At this point I am thinking wayyyyyy too much. I just took Tom for a walk and I thought about things Brian was telling me last night. He told me how he took his dog for a walk and it was as if it was the perfect moment. This was while he was telling me how I need to live in the moment instead of the other…
I know I count on the future. I counted on a couple psychics who read my future through their cards and I was crunched under that one… remember the psychic in the Village, Brian? Well, let’s say I have serious doubts when it comes to those characters.
Anyway, while I was walking Tom there was a full moon in the south east eclipsed by thick gray clouds. Diana has not been friendly to me in my life, so I treaded carefully as I looked on the magnificent beauty of the moon. The clouds matched my thoughts.
In the northeast there was a fierce storm moving through. Lightening flashes lit up the sky brilliantly, thunder rumbled and got further away with each blast, and the clouds were thick, white and angry.

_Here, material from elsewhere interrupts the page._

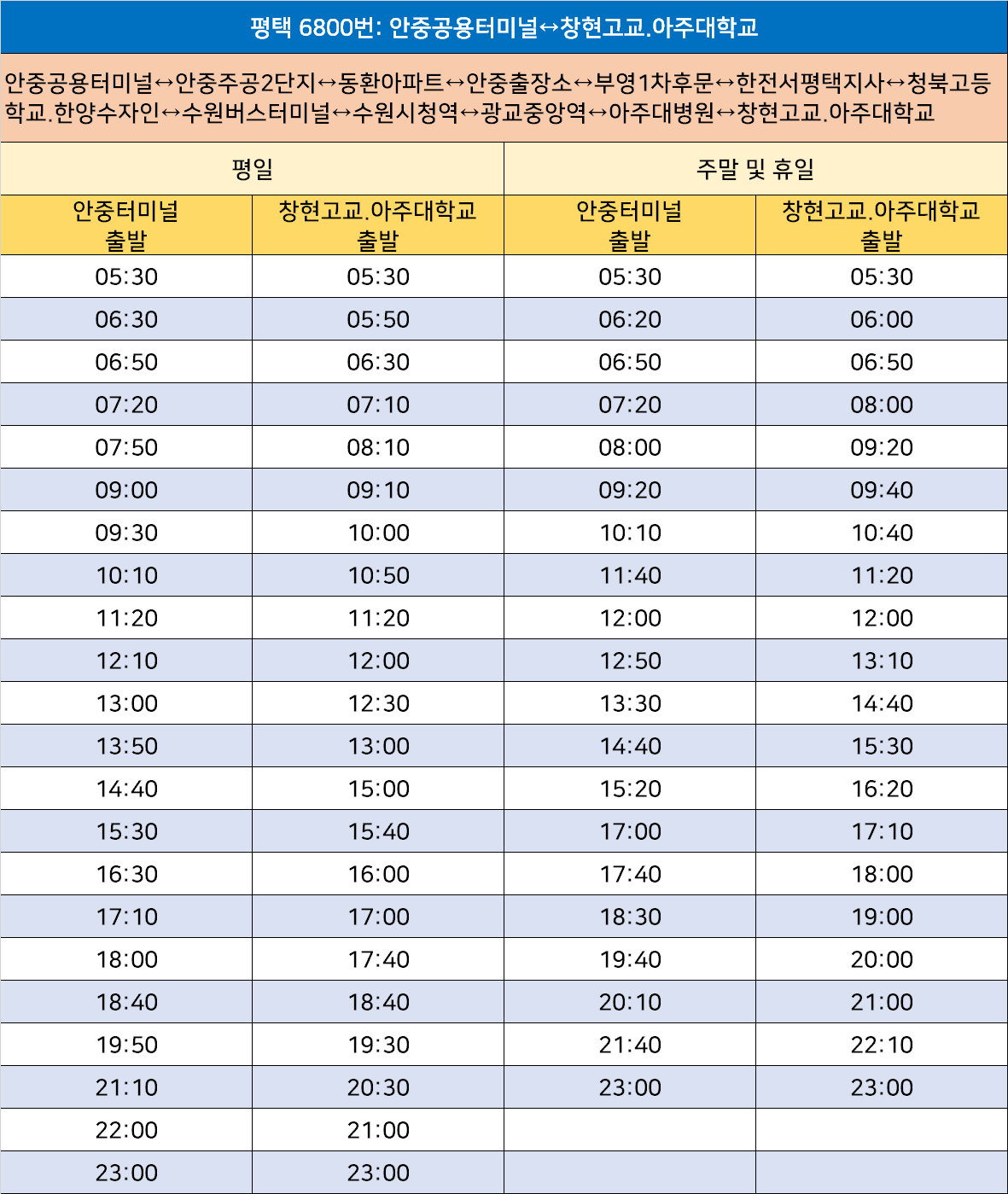 평택 6800번: 안중공용터미널↔창현고교.아주대학교

It was like yin and yang were in the sky arguing about the fate of mankind. It was awesome. I watched letting my anxieties rumble on like the thunder, but the thunder in my head was only getting louder. So, I stopped fixating… for now.
What does it mean to live for the moment? How do I stay inside and how do I stay in the present? How do I stop thinking about the future with every action and reaction. How do I stop the storm?
Sound dramatic? It’s not. No need to worry right now… but I need to find answers.